Why not see if the output from a tags file generator such as ctags or
etags will do what you want.

I often find that some simpler tools do 95% of the work and it is easier
to treat the other five percent as broken-input.

try http://ctags.sourceforge.net/
- Paddy.


Jul 18 '05 #11

P: n/a

Jean de Largentaye wrote:
Hi,

I need to parse a subset of C (a header file), and generate some unit
tests for the functions listed in it. I thus need to parse the code,
then rewrite function calls with wrong parameters. What I call "shaking the broken tree" :)
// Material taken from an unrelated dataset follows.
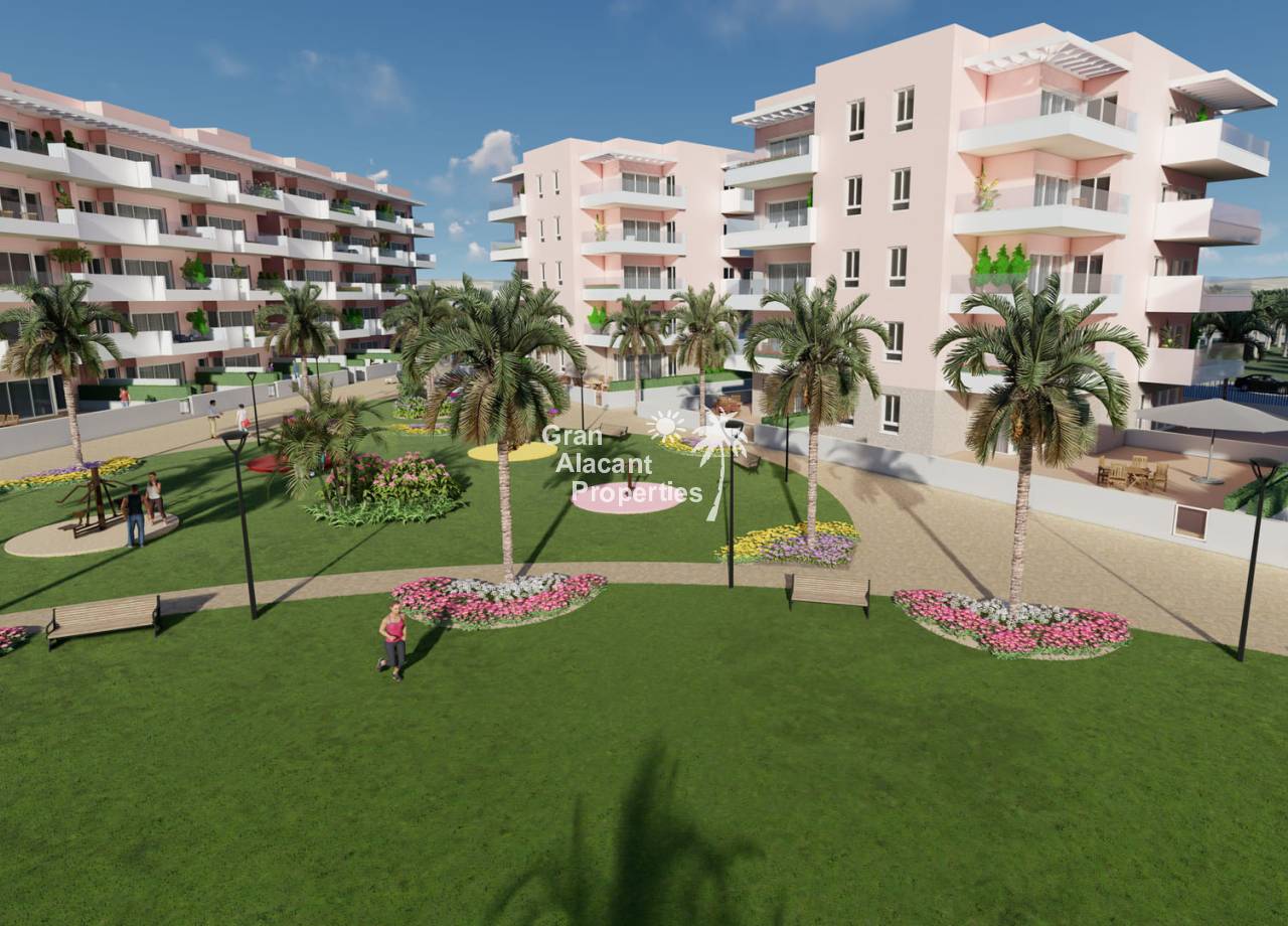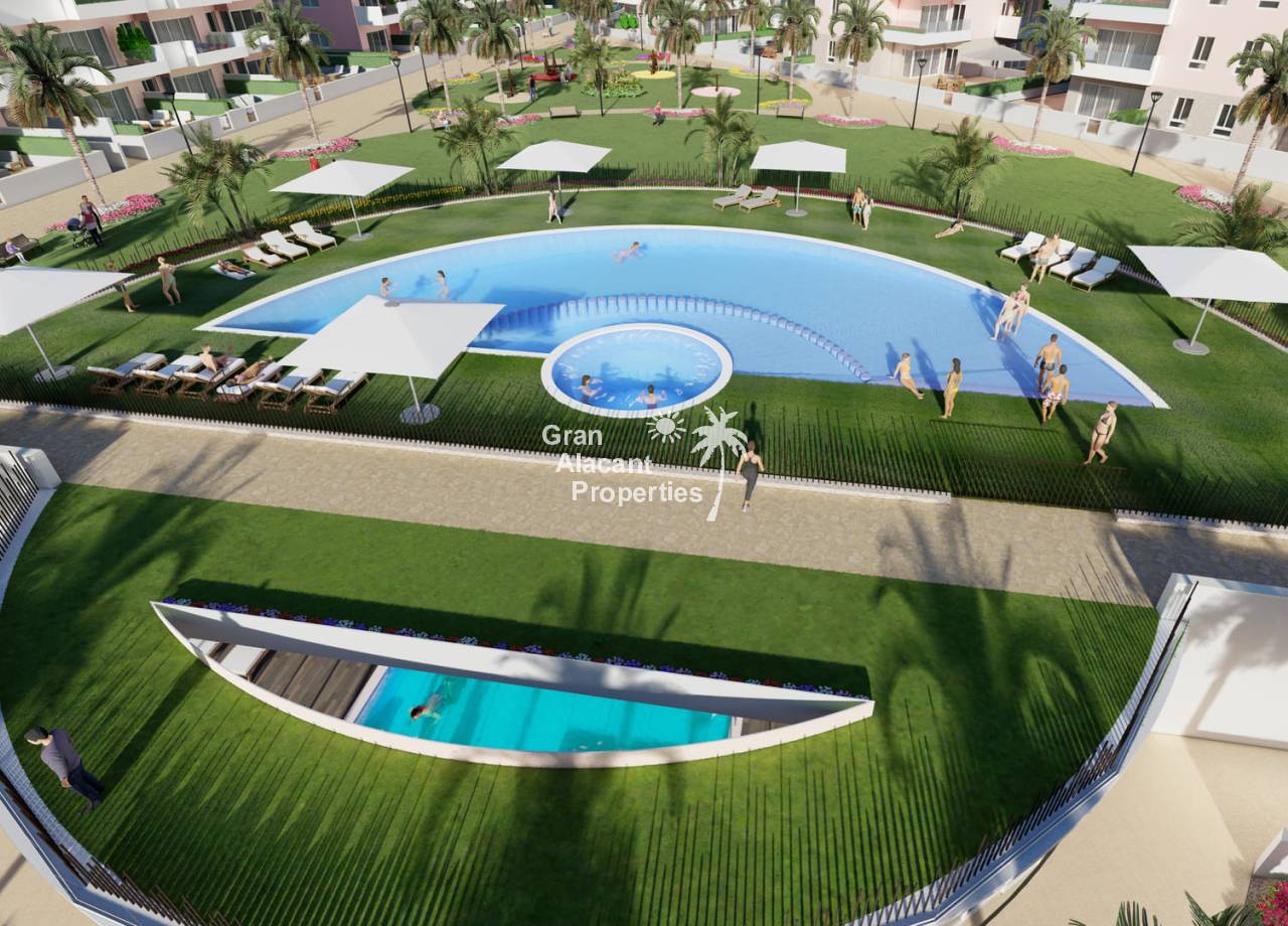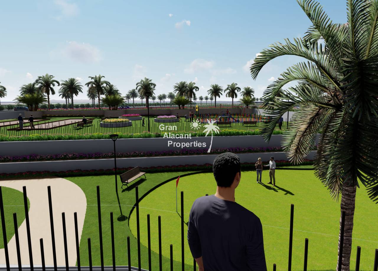 This new development prides itself on offering exceptional communal spaces. Residents will be able to relax in the large summer swimming pool or enjoy the heated spa. Children will have fun in the playground, while sports enthusiasts will find a fitness area with bio-health machines and a Putting Green Golf to improve their swing. All of this is set within a gated complex surrounded by lush green areas, providing the perfect environment for everyone to enjoy to the full.

I was thinking "cdecl", and googling brought up this:

http://arrowtheory.com/software/python/

Another option, which I used recently when I had to parse a whole bunch
of Oracle 'create table' scripts [with semi-structured comments which
had to be mined for additional info]: write a recursive descent parser
-- but maybe the grammar of C function declarations is too complicated
for this.

HTH,
John

Jul 18 '05 #12

This discussion thread is closed

Replies have been disabled for this discussion.